I did some searching around and found this Ask Ubuntu Stack Exchange. This isn't the exact same problem I had, I was getting no sound at all from external speakers, rather than crackly or bad quality sound, but the answer about moving from
PulseAudio to Pipewire was on point. I also found this help request on the Zoom community forum. It was a bit of a red herring because it mentioned problems with Jabra Speak, which happens to be the brand of speaker/mic that I use by default, and actually it's not a Jabra problem at all, it's a Pipewire problem. But it connected back to the Stack Exchange report I'd already seen, that the problem was the change of audio software. The official Zoom rep (probably a bot TBH) gives the absolutely useless try synching the microphoneadvice, but other forum users actually properly paid attention to the very detailed bug report. It's also a total coincidence that the Stack Exchange report has a similar brand and model of laptop to mine; actually the issue was the upgrade from Ubuntu 22 to 24 (Jammy Jellyfish to Noble Numbat).

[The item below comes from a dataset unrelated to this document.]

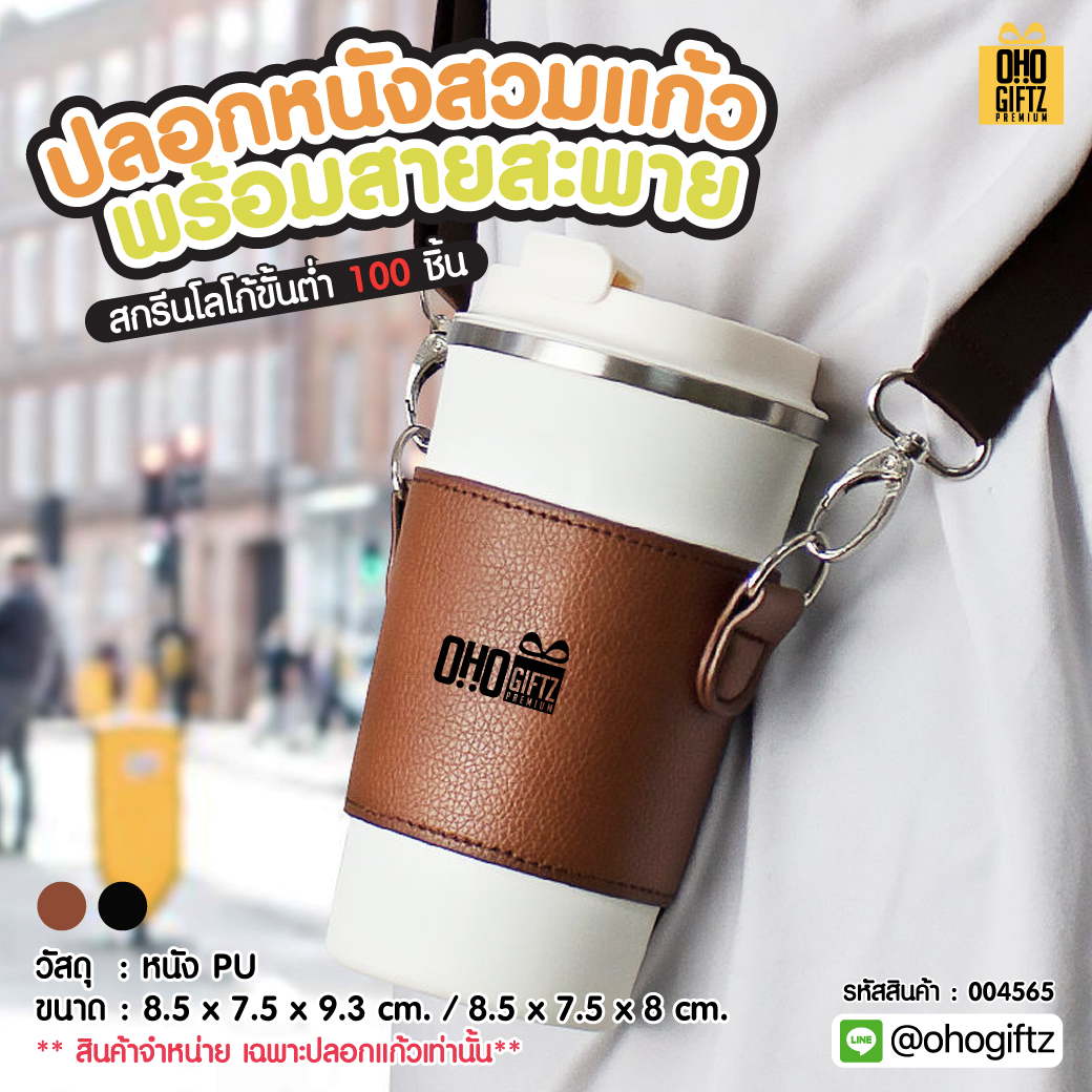 ปลอกหนังสวมแก้ว พร้อมสายสะพาย สกรีนโลโก้ ทำเป็นของพรีเมี่ยมได้
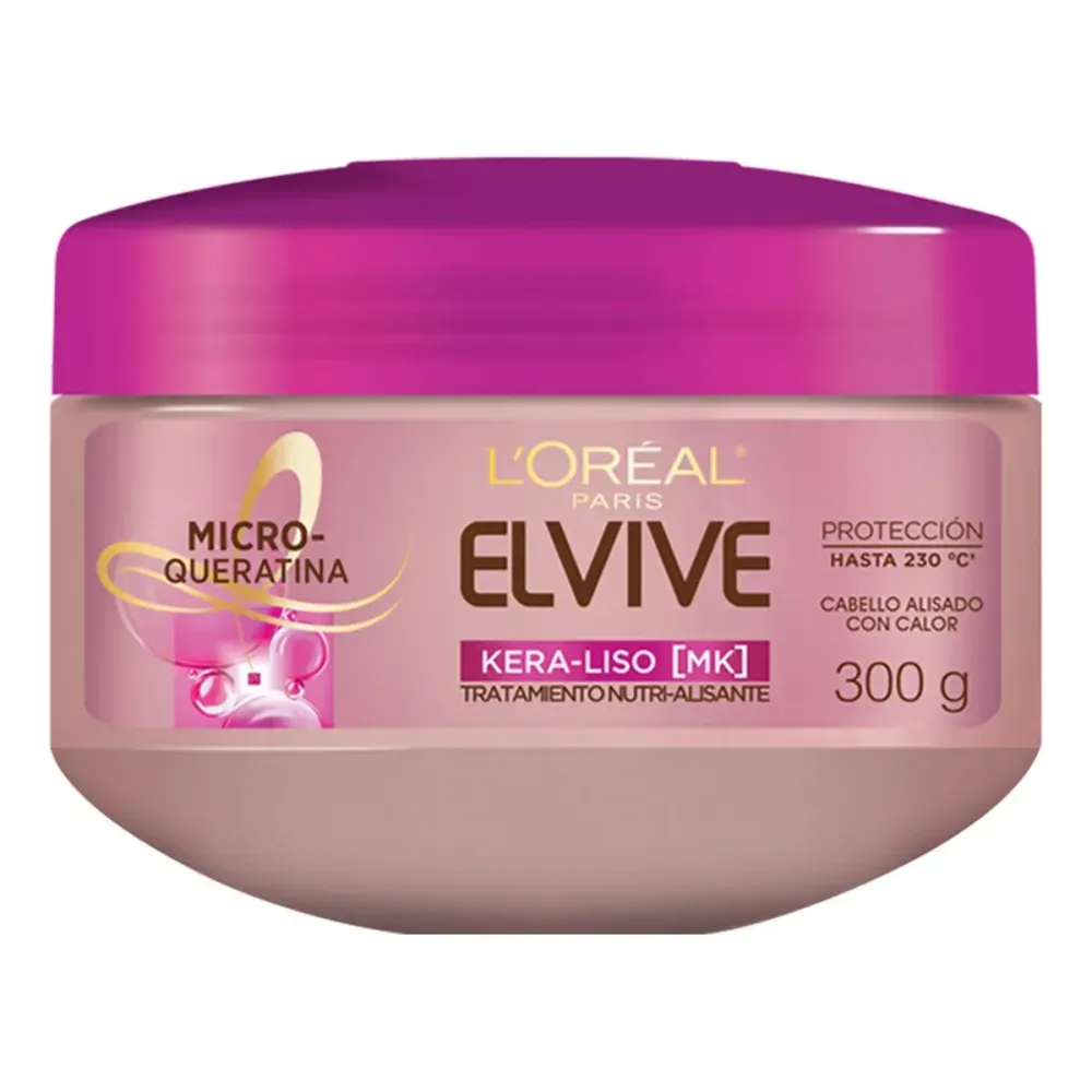 El tratamiento capilar Elvive Kera-Liso Nutri Liss está formulado para nutrir profundamente el cabello liso y rebelde, facilitando el control del frizz y aportando una suavidad y brillo excepcionales. Su fórmula con queratina ayuda a fortalecer la fibra capilar, mejorando la textura y manejabilidad.

So I followed the guide in the Stack Exchange reply. It was interesting to learn that the problem is specifically Steam games under Proton, because having scared myself by breaking things when I booted into Windows I was playing Wordatro (and other Windows-only games) through Proton. I had to make a few tweaks. First of all you can't copy files from
/usr/share/ to /etc/ using the GUI file explorer. I had to remind myself how to use cp commands from the terminal. The solution was sudo cp -r /usr/share/pipewire /etc/pipewire (it took me a little bit of trial and error to get to the exact syntax for file paths). I then followed step 2 in the Stack Exchange response, but ran into a problem because it said Uncomment the next parameter: pulse.idle.timeout = 0. That made me realize that the line I'd just edited also started with a # and was therefore commented out; editing it wasn't going to do anything! I asked uncommentand he said it looked like Dherik's machine must have that line active, not commented, so I uncommented both the relevant lines in the conf file and left a comment saying that I had altered them based on [link]. I exactly followed step #3 and everything was fixed, yay!

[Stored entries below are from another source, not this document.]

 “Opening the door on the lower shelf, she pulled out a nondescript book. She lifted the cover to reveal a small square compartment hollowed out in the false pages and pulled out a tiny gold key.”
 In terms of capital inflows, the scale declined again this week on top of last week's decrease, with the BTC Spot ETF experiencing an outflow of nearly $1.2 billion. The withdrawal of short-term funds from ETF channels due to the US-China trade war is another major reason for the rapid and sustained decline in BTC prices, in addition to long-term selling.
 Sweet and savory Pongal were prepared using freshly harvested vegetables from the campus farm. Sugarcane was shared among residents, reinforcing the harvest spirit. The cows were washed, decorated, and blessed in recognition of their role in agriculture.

So I now understand what grub is, how to get to a terminal from a screen of death, and have some notion of the difference between dpkg and apt (though I am almost certainly not competent to actually drive them without help). And I now have a lovely well-behaved laptop running Ubuntu 24.04 with working sound and no sharks.
no subject
Date: 2025-07-21 03:27 pm (UTC)The "switch to tty console" thing is something that used to be a lot more common - I'd have to look up the key combination, but I've used it a bunch of times in the past when having issues with graphics and the GUI etc. But I can see why it feels obscure to you! Not an immediately obvious solution in these days of hardware mostly just working.
no subject
Date: 2025-07-21 07:55 pm (UTC)And good for managing to get your sound working with Pipewire.
The Konami code is something you might know about if you've ever needed to switch terminals, but you usually only need to switch terminals away from the GUI when something has gone wrong. (At which point you learn that tty1 and/or tty7 tends to be used for the GUI, leaving tty2 through tty6 for console login and possible rescue operations.) I had to learn Ctrl+Alt+F(#) because certain things wouldn't run in the GUI, and because I've borked my fair share of graphical login prompts. I wish things were better documented, but a lot of developers seem to have an allergy to keeping up their documentation.